DATA FOR ANALYSIS
---*---
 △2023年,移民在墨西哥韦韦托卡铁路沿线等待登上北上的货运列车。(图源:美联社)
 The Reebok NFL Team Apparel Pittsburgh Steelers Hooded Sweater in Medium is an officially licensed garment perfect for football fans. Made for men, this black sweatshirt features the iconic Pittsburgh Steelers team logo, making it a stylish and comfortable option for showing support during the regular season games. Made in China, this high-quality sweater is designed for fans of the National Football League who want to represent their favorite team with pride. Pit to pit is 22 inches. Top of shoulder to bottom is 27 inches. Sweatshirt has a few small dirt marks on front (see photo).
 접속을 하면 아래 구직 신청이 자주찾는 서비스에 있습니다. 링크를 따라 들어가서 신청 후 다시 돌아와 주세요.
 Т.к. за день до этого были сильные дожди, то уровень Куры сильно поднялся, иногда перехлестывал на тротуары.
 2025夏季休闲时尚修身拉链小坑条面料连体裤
---*---
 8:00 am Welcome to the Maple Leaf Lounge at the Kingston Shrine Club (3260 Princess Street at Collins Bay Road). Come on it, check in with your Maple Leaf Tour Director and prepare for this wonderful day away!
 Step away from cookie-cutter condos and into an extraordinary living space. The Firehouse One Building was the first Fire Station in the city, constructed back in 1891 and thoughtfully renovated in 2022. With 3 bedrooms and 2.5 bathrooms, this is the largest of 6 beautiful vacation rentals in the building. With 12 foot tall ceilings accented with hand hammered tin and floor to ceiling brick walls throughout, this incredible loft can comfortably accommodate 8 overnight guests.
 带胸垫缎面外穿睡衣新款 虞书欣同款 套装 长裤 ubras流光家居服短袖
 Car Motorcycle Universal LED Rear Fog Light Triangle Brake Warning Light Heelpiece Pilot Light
---*---
YOUR GOAL
Output, from the data above, the lines from the line with "Step away from" to the line with "Car Motorcycle Universal" exactly as they stand, both ends included and nothing else.

ANSWER TO THIS EXERCISE
 Step away from cookie-cutter condos and into an extraordinary living space. The Firehouse One Building was the first Fire Station in the city, constructed back in 1891 and thoughtfully renovated in 2022. With 3 bedrooms and 2.5 bathrooms, this is the largest of 6 beautiful vacation rentals in the building. With 12 foot tall ceilings accented with hand hammered tin and floor to ceiling brick walls throughout, this incredible loft can comfortably accommodate 8 overnight guests.
 带胸垫缎面外穿睡衣新款 虞书欣同款 套装 长裤 ubras流光家居服短袖
 Car Motorcycle Universal LED Rear Fog Light Triangle Brake Warning Light Heelpiece Pilot Light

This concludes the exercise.